Ce magazine « qui porte bonheur » ne publie son premier récit en cases noires et blanches qu’en 1950, alors que la presse italienne inventait le genre trois ans plus tôt, en sollicitant quelques grands noms transalpins de la prise de vue : Fellini, Antonioni ou Gassman.
Dix ans plus tard, en 1961, la revue satirique Hara Kiri s’empare à son tour de ce mode narratif. Moins de mièvrerie, l’eau de rose devient du fiel; le comique succède au mélodrame. Charlie hebdo prendra le relais la décennie suivante, n’hésitant pas , entre deux dames dénudées, à déguiser Coluche en souverain pontif, régnant sur un épisode loufoque titré : « Le pape Jean Paul 2 et j’en retiens 1. » Jusqu’au mouvement politique situationniste, expert en dénonciation éloquente de la société du spectacle , qui aura aussi recours à cette mise en scène de photos parlantes, essentiellement sur le mode du détournement.
Soixante dix ans d’histoire, des millions de clichés , attestent que ce genre éditorial d’illustration sentimentale parvient à séduire et fidéliser une part du public, qui peut désormais partager les aventures sur tablette numérique, ou via Facebook. Avant l’ère digitale, tout l’arc méditerranéen , ainsi que l’Amérique latine , comptait des millions d’amateurs de roman photo. Dont le succès pourrait s’expliquer par un effet reflet, une sorte de sismographe des évolutions familiales et sociétales.
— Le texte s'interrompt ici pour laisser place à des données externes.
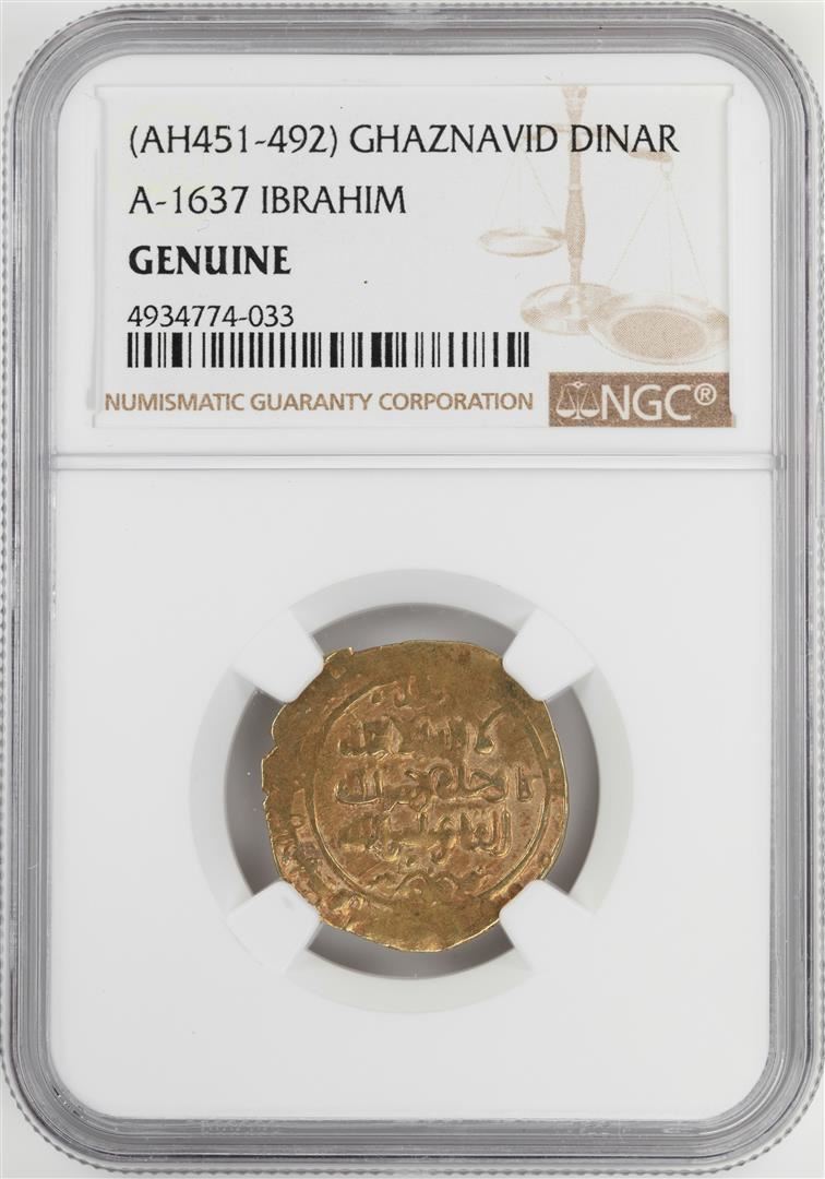 One AH451-492 Ghaznavid Dinar A-1637 Ibrahim Gold Coin NGC Genuine. NGC Certified.
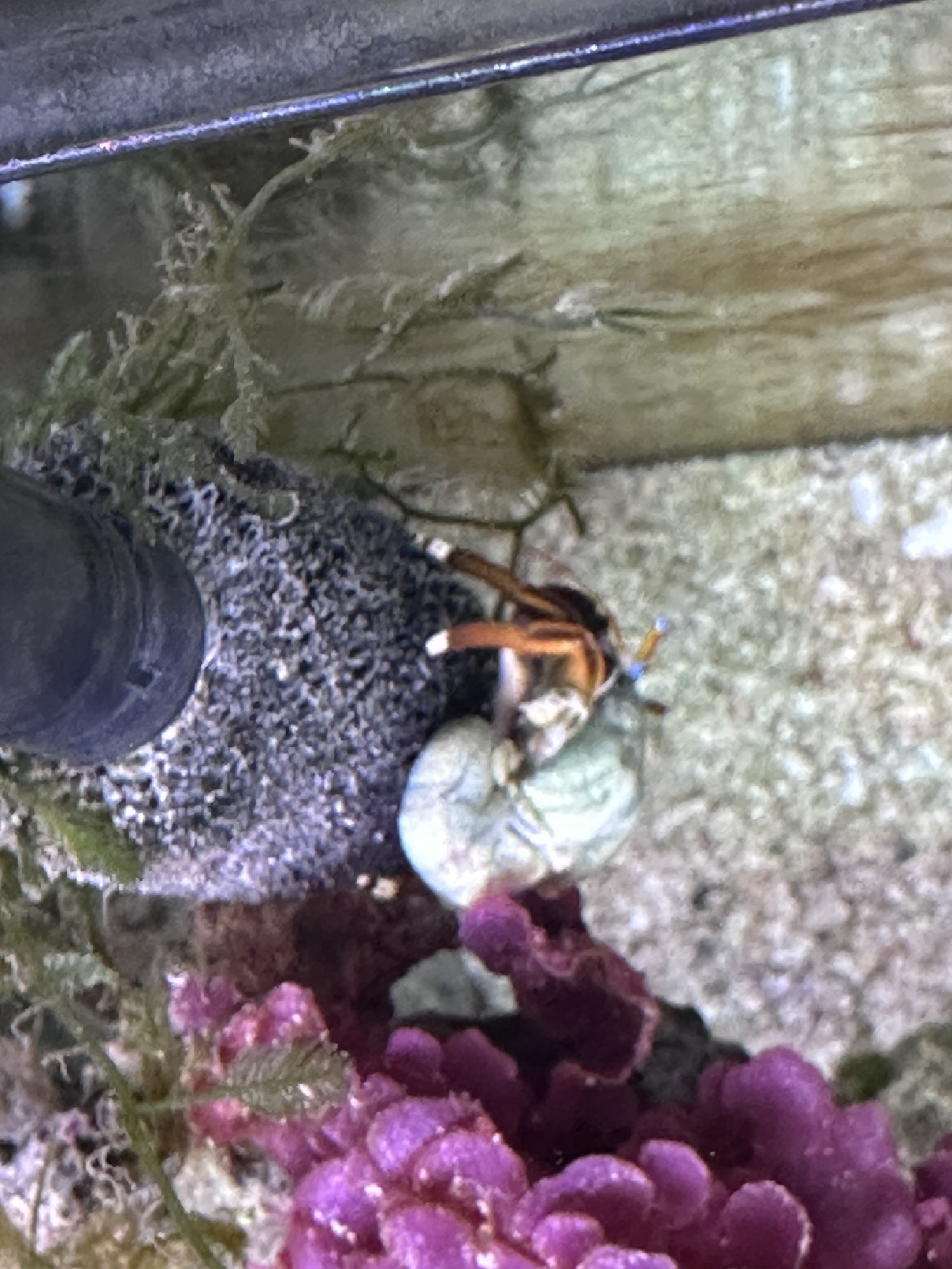 なぜか今朝殻を脱いで裸だったスベスベサンゴヤドカリ。(脱皮は2日前にしたばかりなのでなんで脱いだのか謎)

En somme, ce type de publication relève bien d’un sous genre de la littérature populaire. Ce qui suffit à justifier l’initiative du musée marseillais, héritier des arts populaires , d’exposer les rouages de ces feuilletons sentimentaux.
Labellisée MP2018 Quel amour !, cette exposition essaime déjà sous certains arrêts de bus. Des étudiants aixois de sciences-po enquêteront en février sur les formes amoureuses d’aujourd’hui.
Si Roland Barthes s’avouait « touché » par la bêtise de certains romans-photos, cette dimension primaire n’est-elle pas aussi celle qui permet l’accès au plus grand nombre d’une mythologie simpliste, combinant toutefois les talents de l’artisan (photographe cadreur et scénariste-dialoguiste) avec la puissance de l’industrie de la presse de charme.